Code generation & review
Higher benchmark score (0/100) indicates stronger performance on coding tasks like generating functions, debugging, and refactoring
Customer support chatbot
Faster response time (speed score 0/100) is critical for user-facing chat. Qwen3.5 397B A17B also offers lower per-token costs for high-volume support
Long document analysis
Larger context window (400K tokens) can process longer documents, contracts, and research papers in a single pass
Batch data extraction
Lower output pricing ($2.34/M) reduces costs when processing thousands of records daily
Creative writing & content
Higher overall composite score (85/100) correlates with better nuance, coherence, and style in long-form content
Image understanding & OCR
Supports vision input - can analyze screenshots, diagrams, photos, and scanned documents directly
GPT-5.3-Codex has a moderate advantage with a 3.200000000000003-point lead in composite score. It wins on more signal dimensions, but Qwen3.5 397B A17B has specific strengths that could make it the better choice for certain workflows.
Best for Quality
GPT-5.3-Codex
Marginally better benchmark scores; both are excellent
Best for Cost
Qwen3.5 397B A17B
83% lower pricing; better value at scale
Best for Reliability
GPT-5.3-Codex
Higher uptime and faster response speeds
Best for Prototyping
GPT-5.3-Codex
Stronger community support and better developer experience
Best for Production
GPT-5.3-Codex
Wider enterprise adoption and proven at scale
by OpenAI
| Capability | GPT-5.3-Codex | Qwen3.5 397B A17B |
|---|---|---|
| Vision (Image Input) | ||
| Function Calling | ||
| Streaming | ||
| JSON Mode | ||
| Reasoning | ||
| Web Searchdiffers | ||
| Image Output |
OpenAI
Alibaba
Qwen3.5 397B A17B saves you $16.44/month
That's 82% cheaper than GPT-5.3-Codex at 1,000 tokens/request and 100 requests/day.
Assumes 60% input / 40% output token ratio per request. Actual costs may vary based on your usage pattern.
| Parameter | GPT-5.3-Codex | Qwen3.5 397B A17B |
|---|---|---|
| Context Window | 400K | 262K |
| Max Output Tokens | 128,000 | 65,536 |
| Open Source | No | Yes |
| Created | Feb 24, 2026 | Feb 16, 2026 |
GPT-5.3-Codex scores 85/100 (rank #29) compared to Qwen3.5 397B A17B's 82/100 (rank #65), giving it a 3-point advantage. GPT-5.3-Codex is the stronger overall choice, though Qwen3.5 397B A17B may excel in specific areas like cost efficiency.
GPT-5.3-Codex is ranked #29 and Qwen3.5 397B A17B is ranked #65 out of 290+ AI models. Rankings use a composite score combining benchmark performance (25%), pricing (25%), context window (15%), recency (15%), output capacity (10%), and versatility (10%). Scores update hourly.
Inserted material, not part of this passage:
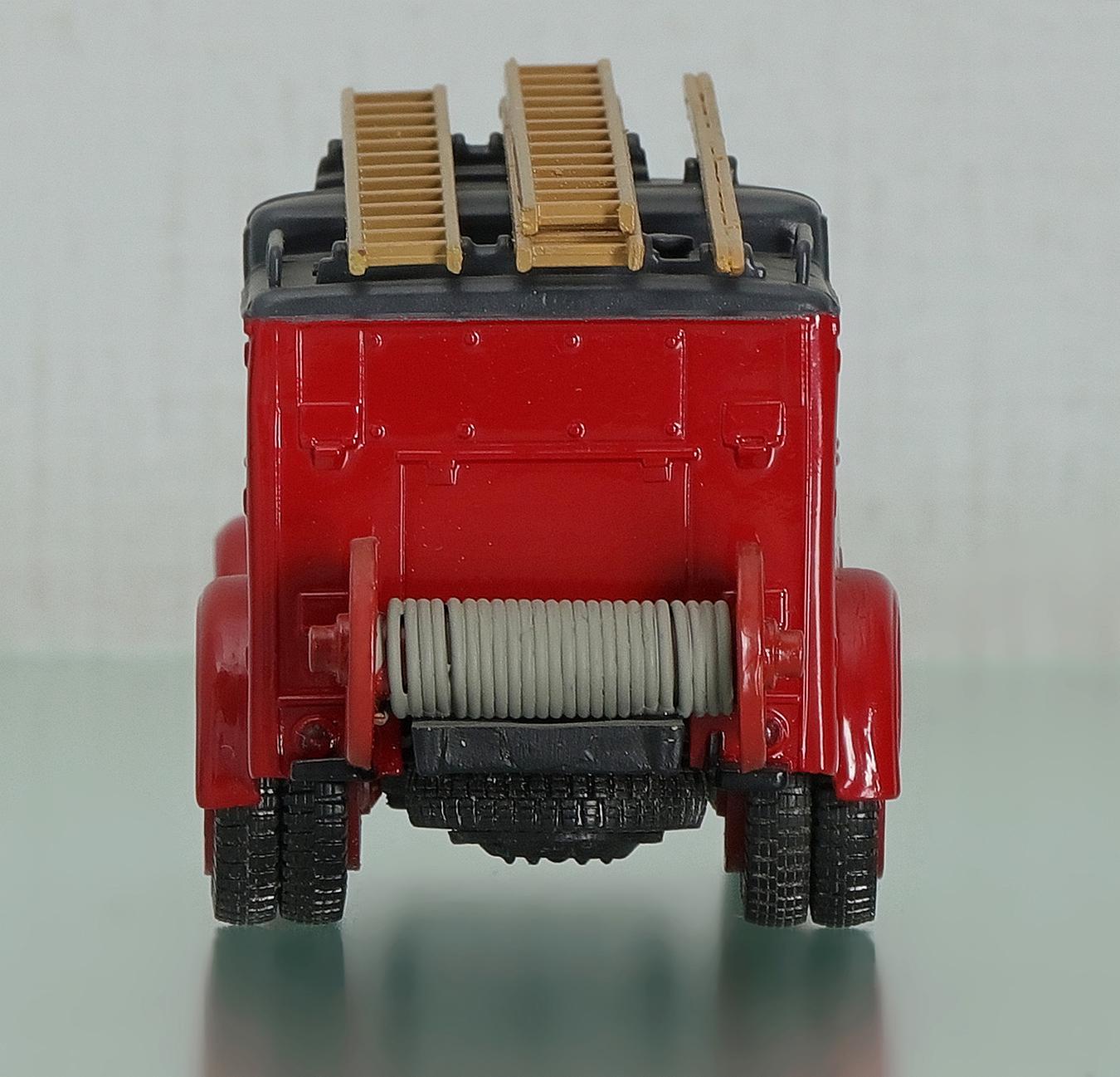 Итак, ПМГ-5. Закрытый кузов автонасоса вмещал 6 человек, двое из которых находились в кабине водителя и четверо, на двух сидениях лицом друг к другу, в кабине боевого расчета. Внешний облик автомобиля выглядел немного несуразно за счет «горба» над кабинами и высоко расположенного окна кабины боевого расчета. Отличительной особенностью автонасоса было нижнее, на подножке, размещение всасывающих рукавов. На крыше кузова размещались только лестницы. Подобное размещение в условиях плохой погоды, бездорожья и летящей из-под колес грязи не способствовало сохранности рукавов.
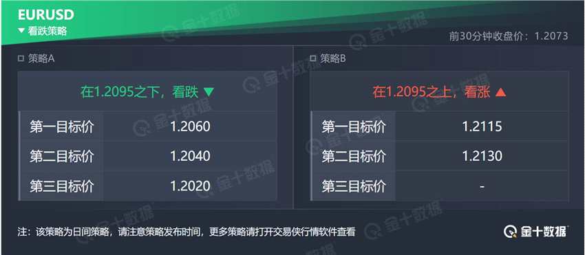 歐元兌美元多空轉(zhuǎn)折點(diǎn)為1.2095,目前歐元兌美元在轉(zhuǎn)折點(diǎn)下方看跌,支撐位為1.2060和1.2040;若歐元兌美元回升至1.2095上方,則看漲,阻力位為1.2115和1.2130。

Qwen3.5 397B A17B is cheaper at $2.34/M output tokens vs GPT-5.3-Codex's $14.00/M output tokens - 6.0x more expensive. Input token pricing: GPT-5.3-Codex at $1.75/M vs Qwen3.5 397B A17B at $0.39/M.
GPT-5.3-Codex has a larger context window of 400,000 tokens compared to Qwen3.5 397B A17B's 262,144 tokens. A larger context window means the model can process longer documents and conversations.